◆ **Data to process**
########

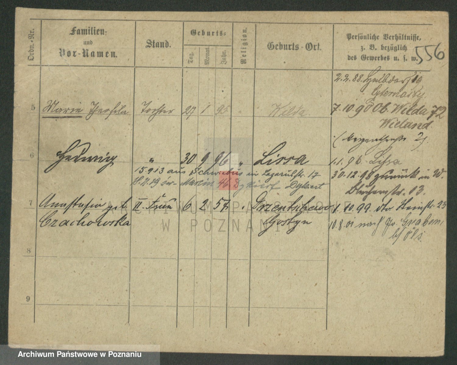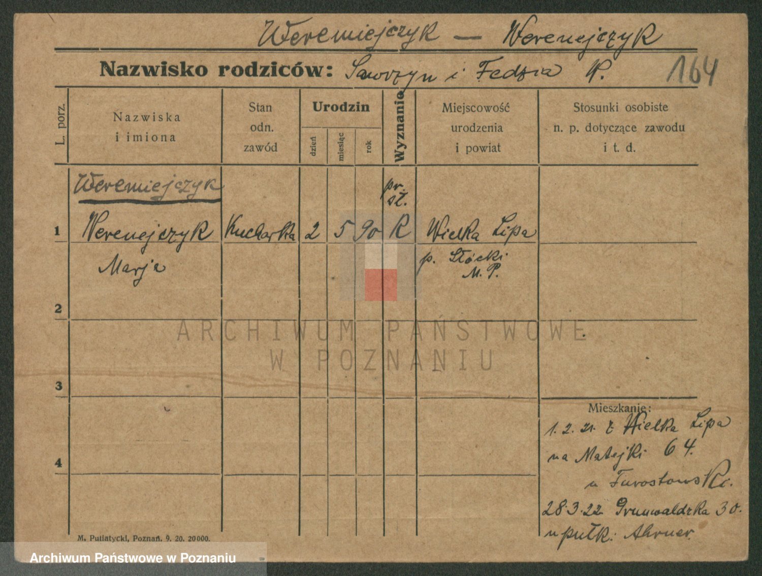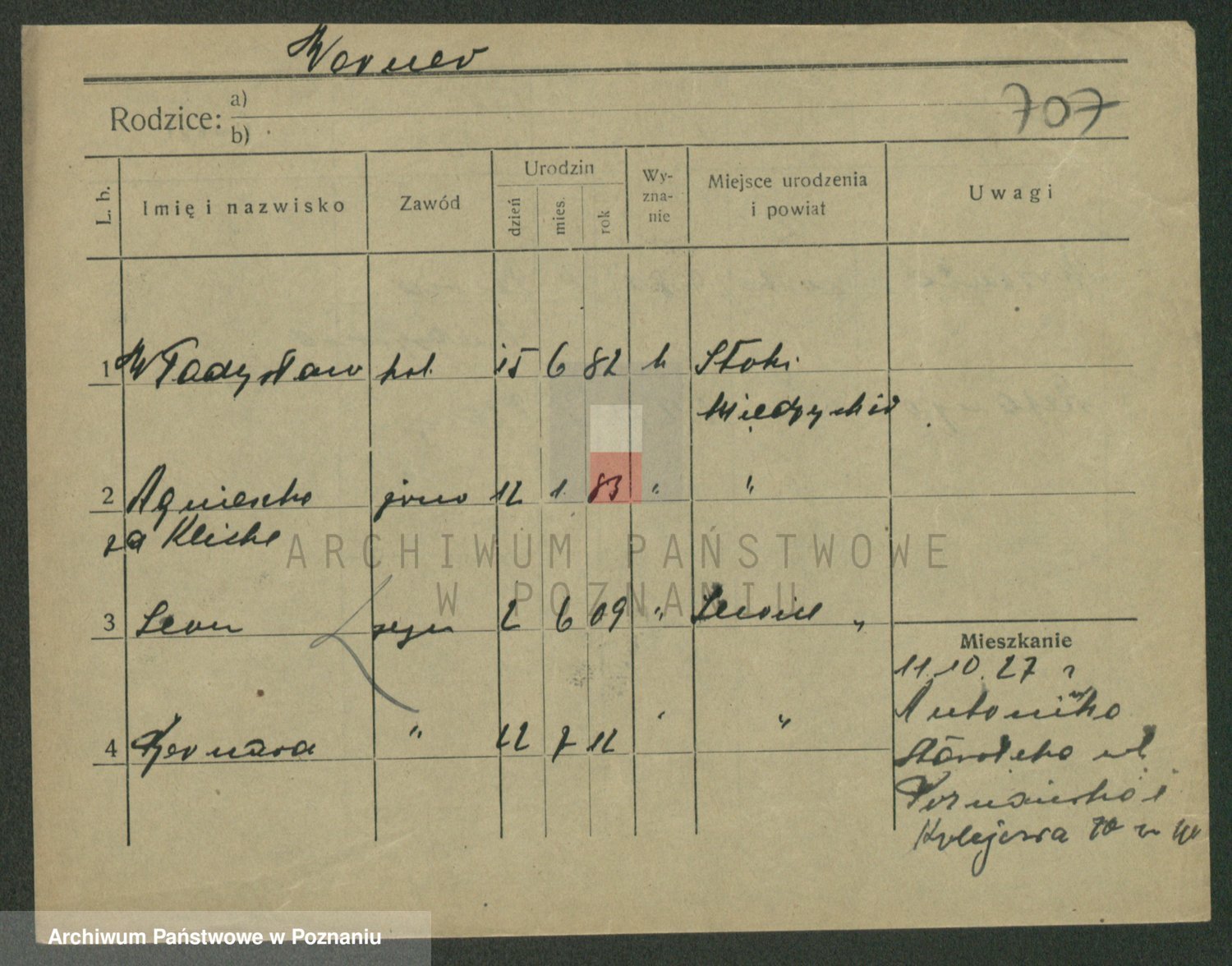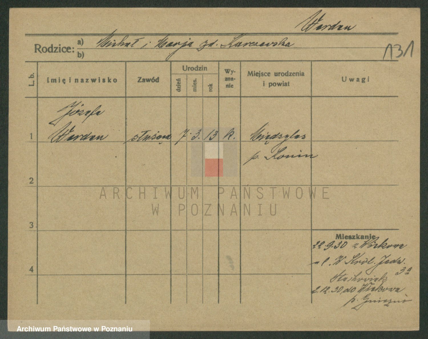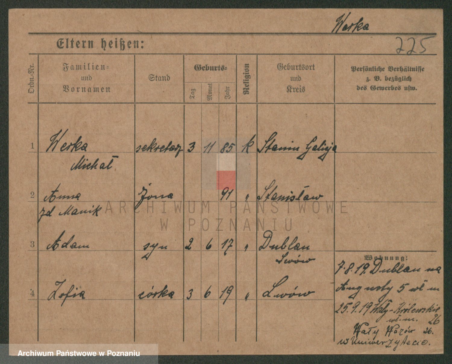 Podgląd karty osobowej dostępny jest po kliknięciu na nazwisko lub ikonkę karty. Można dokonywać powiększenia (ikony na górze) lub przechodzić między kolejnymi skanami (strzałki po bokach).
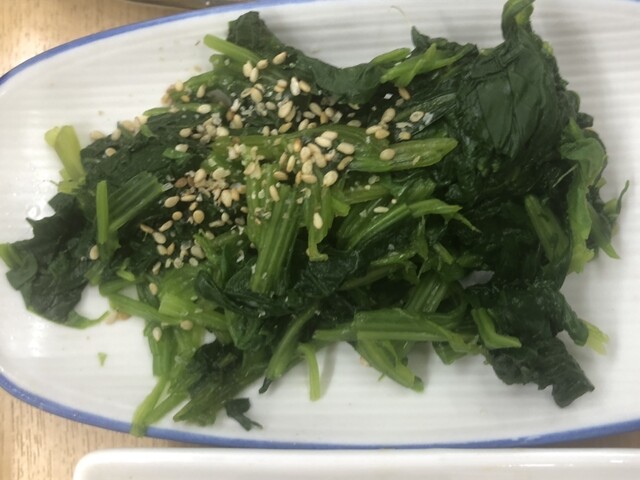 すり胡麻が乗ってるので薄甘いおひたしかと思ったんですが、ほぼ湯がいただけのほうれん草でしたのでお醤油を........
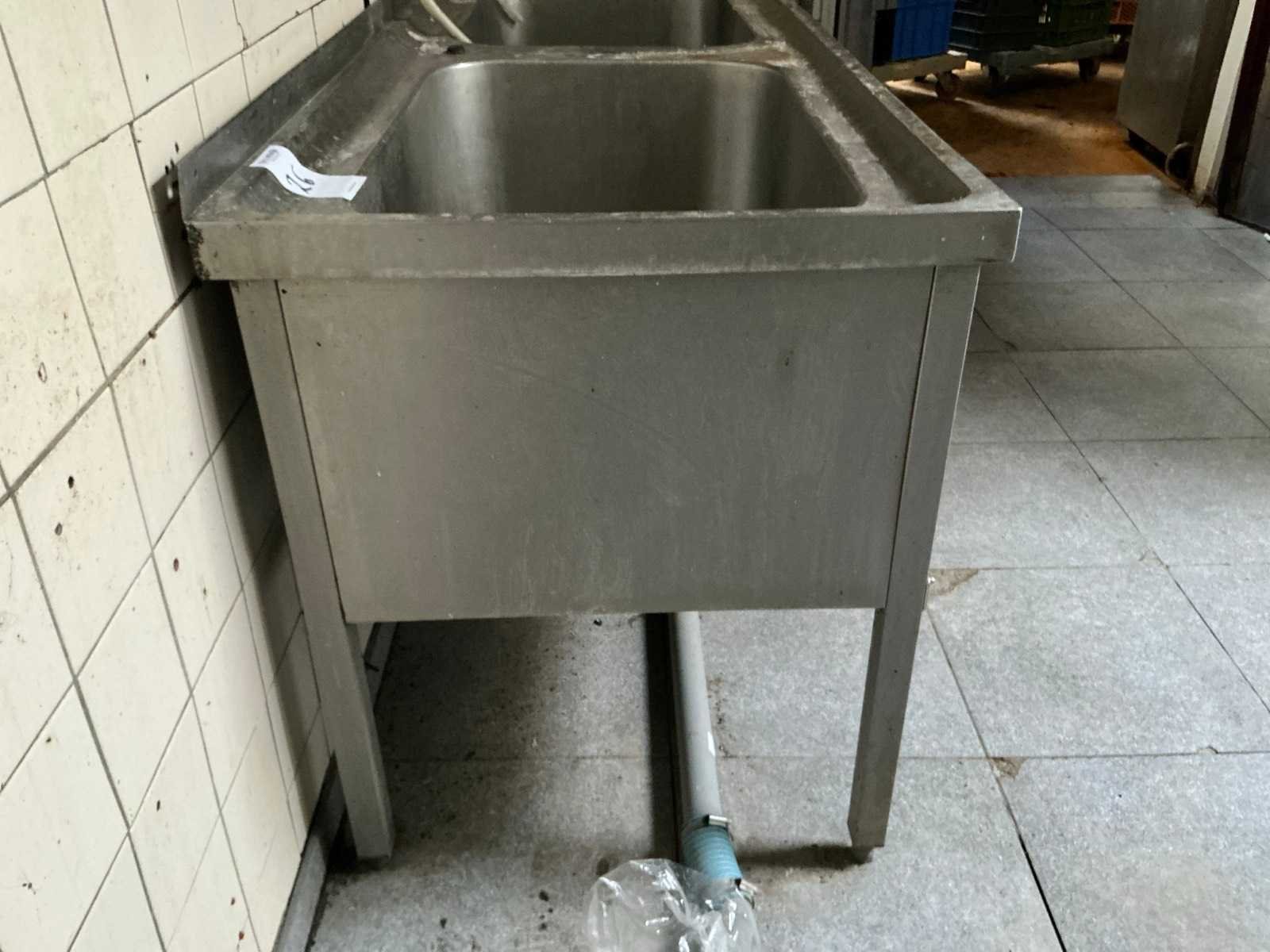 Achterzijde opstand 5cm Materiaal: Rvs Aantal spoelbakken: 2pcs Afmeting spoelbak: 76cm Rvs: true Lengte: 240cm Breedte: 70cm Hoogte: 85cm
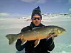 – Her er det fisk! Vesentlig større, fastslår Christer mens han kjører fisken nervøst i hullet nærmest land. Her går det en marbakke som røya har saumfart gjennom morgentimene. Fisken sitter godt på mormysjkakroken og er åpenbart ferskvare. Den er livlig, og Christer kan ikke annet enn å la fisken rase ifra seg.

########

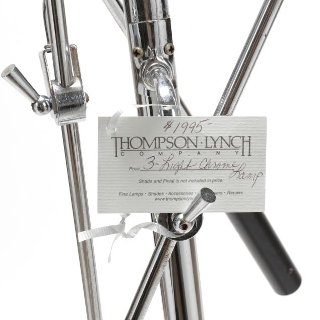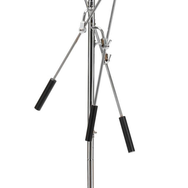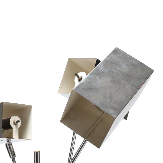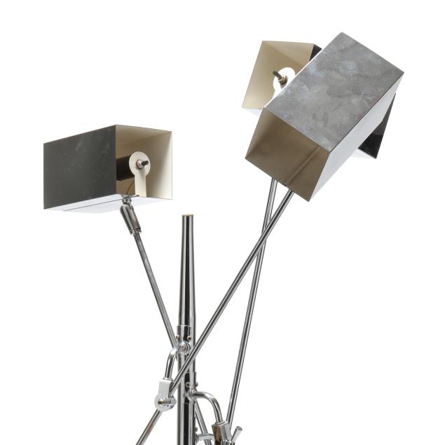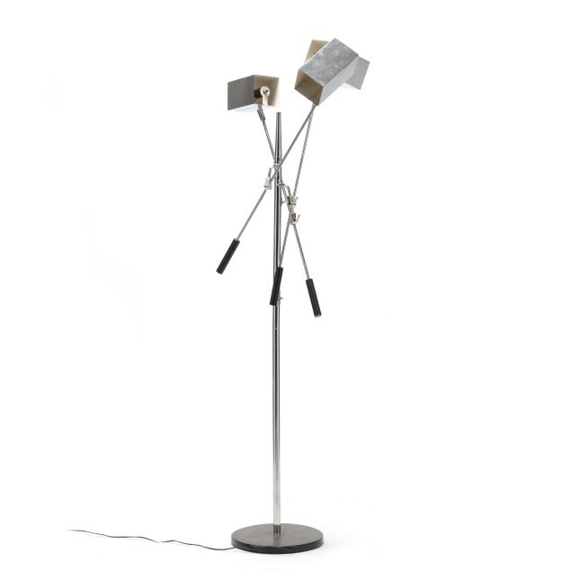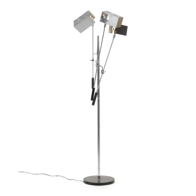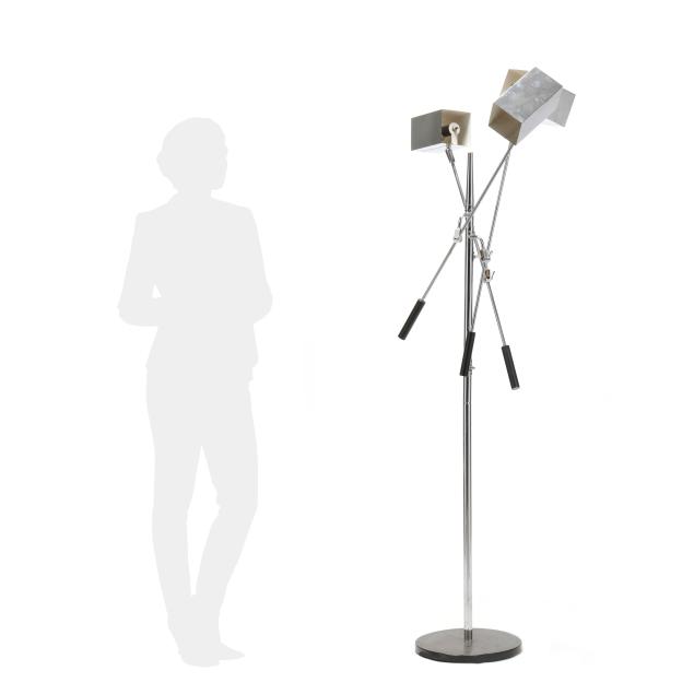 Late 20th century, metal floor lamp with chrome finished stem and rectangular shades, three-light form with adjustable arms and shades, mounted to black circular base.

########

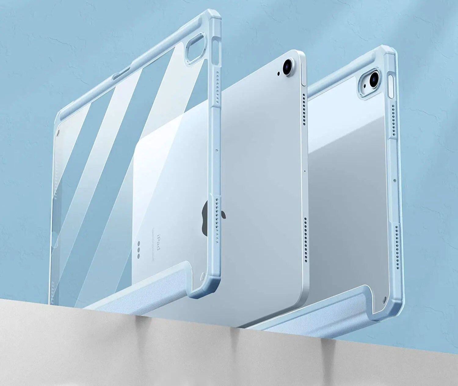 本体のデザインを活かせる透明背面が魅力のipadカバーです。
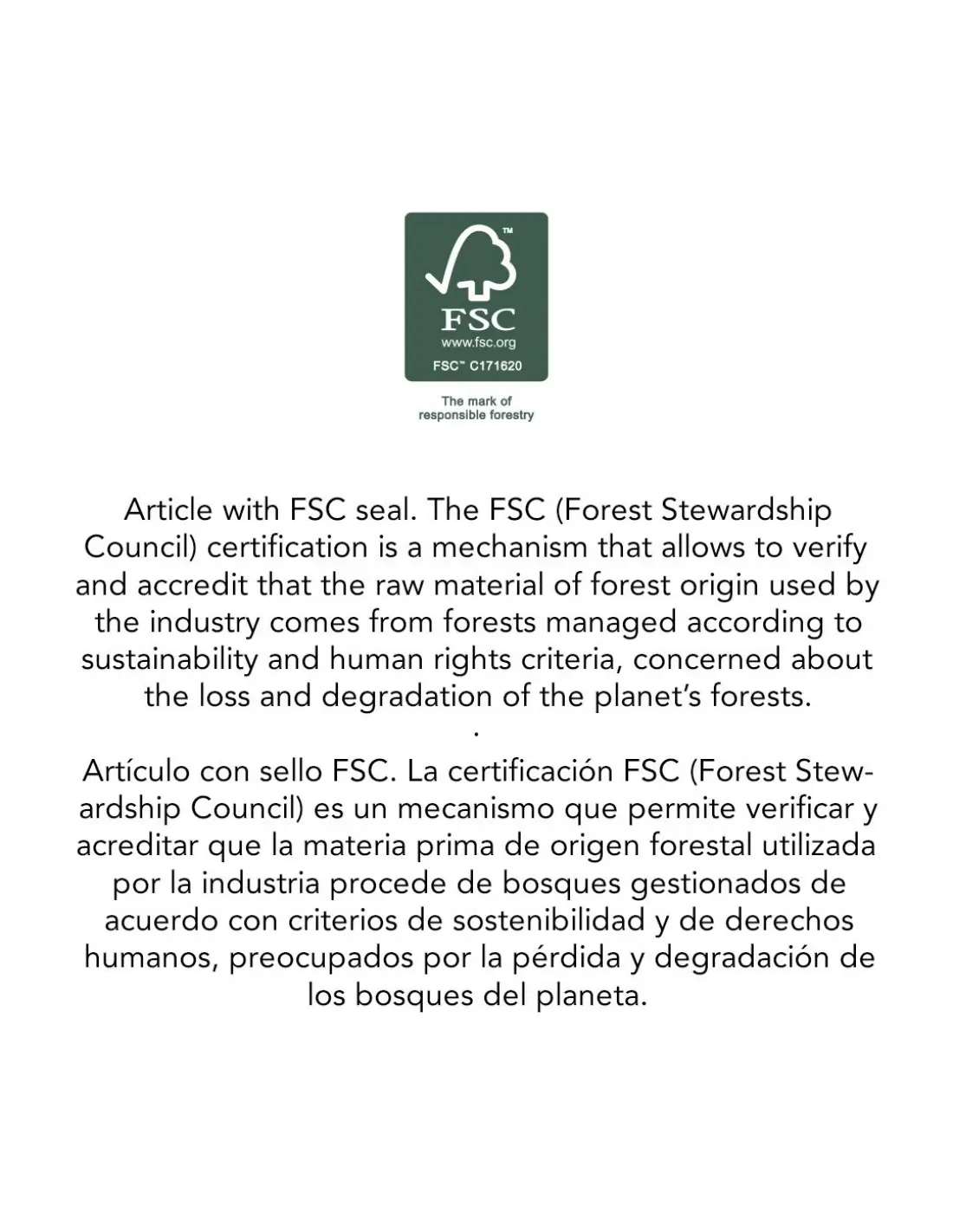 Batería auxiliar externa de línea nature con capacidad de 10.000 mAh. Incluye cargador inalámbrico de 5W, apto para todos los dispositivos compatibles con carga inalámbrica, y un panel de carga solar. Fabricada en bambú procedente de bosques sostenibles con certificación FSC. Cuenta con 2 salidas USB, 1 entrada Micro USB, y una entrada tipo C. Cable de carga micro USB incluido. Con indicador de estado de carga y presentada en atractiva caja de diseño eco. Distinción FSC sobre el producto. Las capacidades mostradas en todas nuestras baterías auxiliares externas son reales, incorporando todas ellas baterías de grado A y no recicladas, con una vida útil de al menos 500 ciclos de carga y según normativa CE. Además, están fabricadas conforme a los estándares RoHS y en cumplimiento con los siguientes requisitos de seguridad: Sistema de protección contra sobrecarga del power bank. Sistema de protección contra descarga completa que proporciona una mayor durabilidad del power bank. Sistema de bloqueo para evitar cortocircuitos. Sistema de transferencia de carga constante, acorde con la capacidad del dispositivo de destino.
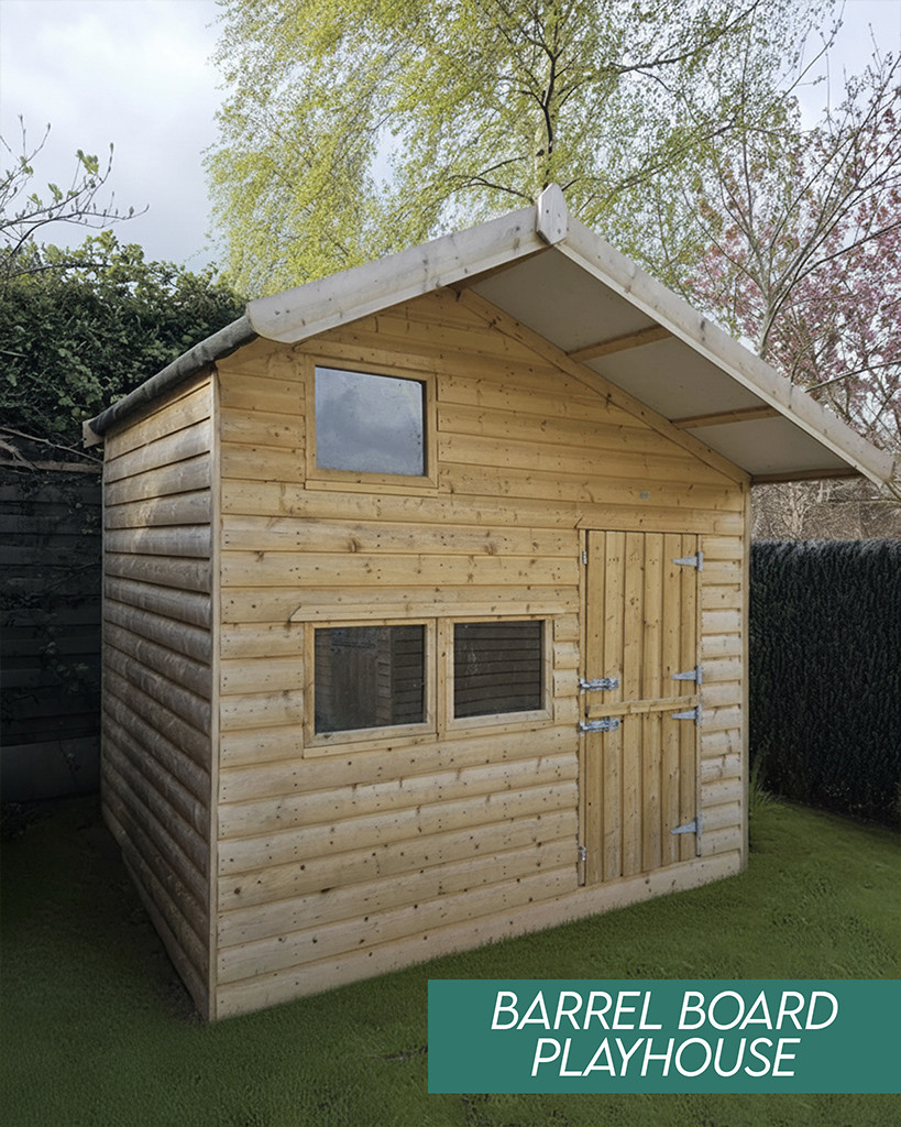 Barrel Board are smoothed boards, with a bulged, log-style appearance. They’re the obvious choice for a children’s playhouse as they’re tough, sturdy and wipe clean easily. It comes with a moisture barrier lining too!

########

◆ **Exercise details**
Transcribe exactly the lines above, beginning at the one with "Podgląd karty osobowej" and going up to and including the one with "Achterzijde opstand 5cm". Pictures do not belong in the copy.

◆ **Solution for this task**
 Podgląd karty osobowej dostępny jest po kliknięciu na nazwisko lub ikonkę karty. Można dokonywać powiększenia (ikony na górze) lub przechodzić między kolejnymi skanami (strzałki po bokach).
 すり胡麻が乗ってるので薄甘いおひたしかと思ったんですが、ほぼ湯がいただけのほうれん草でしたのでお醤油を........
 Achterzijde opstand 5cm Materiaal: Rvs Aantal spoelbakken: 2pcs Afmeting spoelbak: 76cm Rvs: true Lengte: 240cm Breedte: 70cm Hoogte: 85cm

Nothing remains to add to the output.